**Data shown**
↓
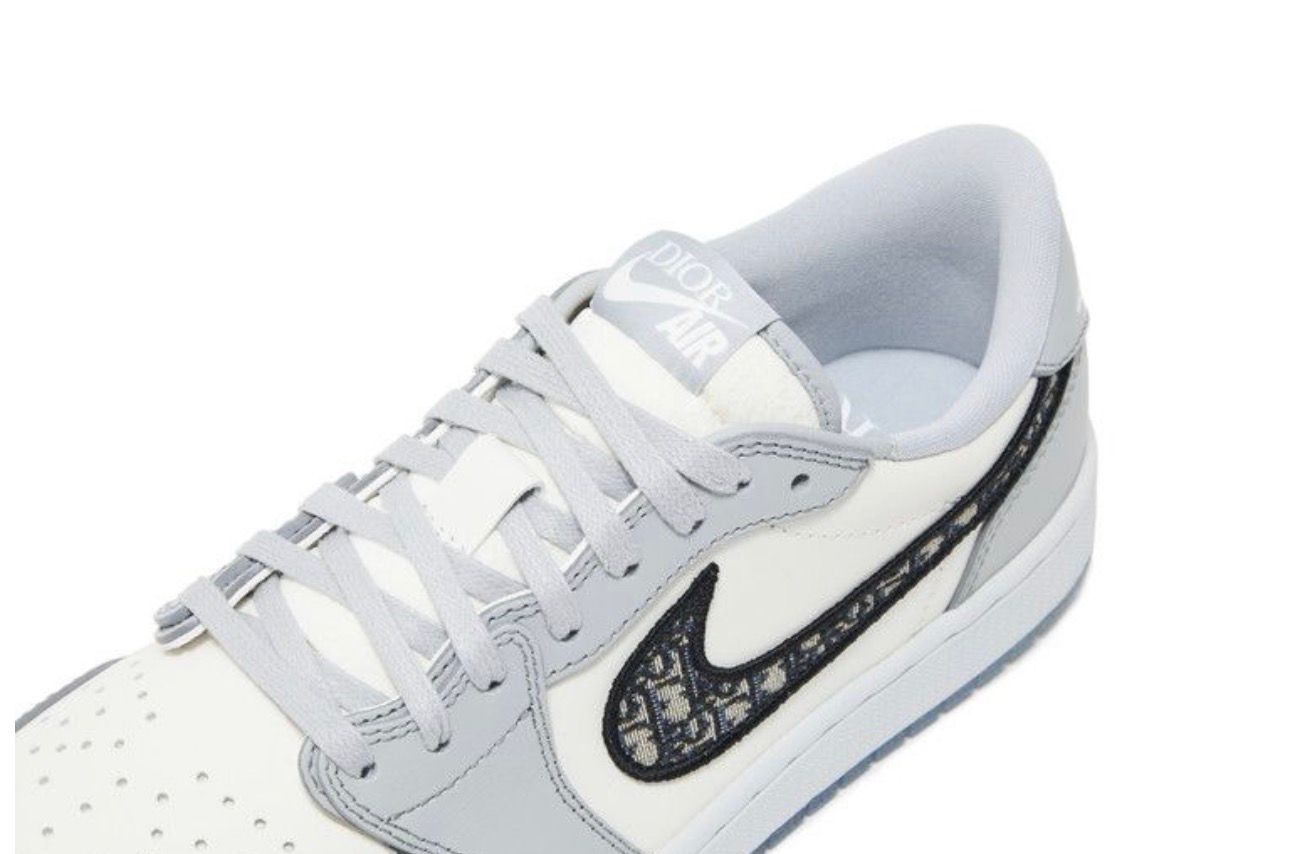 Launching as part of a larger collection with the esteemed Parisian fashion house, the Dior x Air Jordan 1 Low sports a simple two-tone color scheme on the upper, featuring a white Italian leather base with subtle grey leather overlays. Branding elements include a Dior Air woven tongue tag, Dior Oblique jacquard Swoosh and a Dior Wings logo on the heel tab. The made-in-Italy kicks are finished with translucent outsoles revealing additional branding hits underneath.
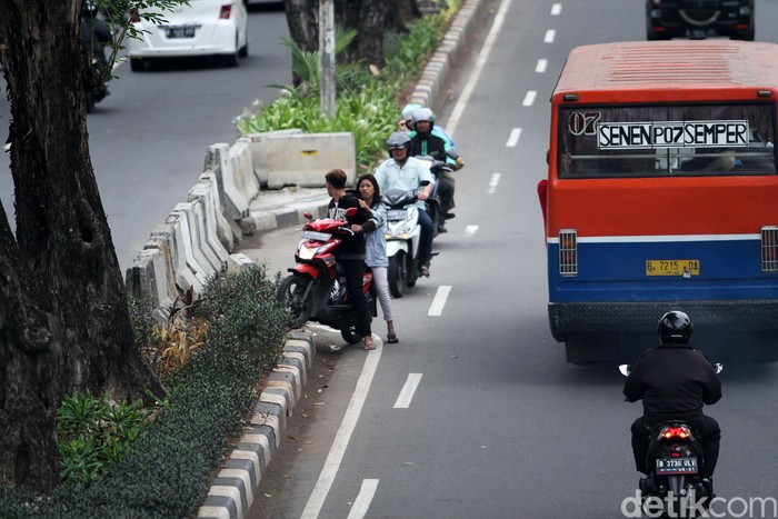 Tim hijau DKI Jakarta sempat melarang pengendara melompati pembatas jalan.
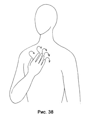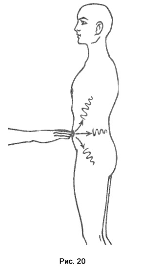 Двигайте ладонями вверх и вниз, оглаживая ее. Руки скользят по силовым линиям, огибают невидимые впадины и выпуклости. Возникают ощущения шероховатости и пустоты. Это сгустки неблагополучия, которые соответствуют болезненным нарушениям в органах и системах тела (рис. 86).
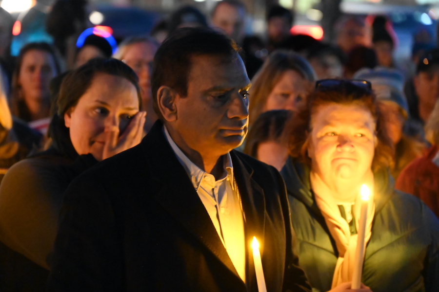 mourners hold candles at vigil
↑
**What the task requires**
Repeat the data above exactly, leaving out any pictures it holds.

**Reply**
 Launching as part of a larger collection with the esteemed Parisian fashion house, the Dior x Air Jordan 1 Low sports a simple two-tone color scheme on the upper, featuring a white Italian leather base with subtle grey leather overlays. Branding elements include a Dior Air woven tongue tag, Dior Oblique jacquard Swoosh and a Dior Wings logo on the heel tab. The made-in-Italy kicks are finished with translucent outsoles revealing additional branding hits underneath.
 Tim hijau DKI Jakarta sempat melarang pengendara melompati pembatas jalan.
 Двигайте ладонями вверх и вниз, оглаживая ее. Руки скользят по силовым линиям, огибают невидимые впадины и выпуклости. Возникают ощущения шероховатости и пустоты. Это сгустки неблагополучия, которые соответствуют болезненным нарушениям в органах и системах тела (рис. 86).
 mourners hold candles at vigil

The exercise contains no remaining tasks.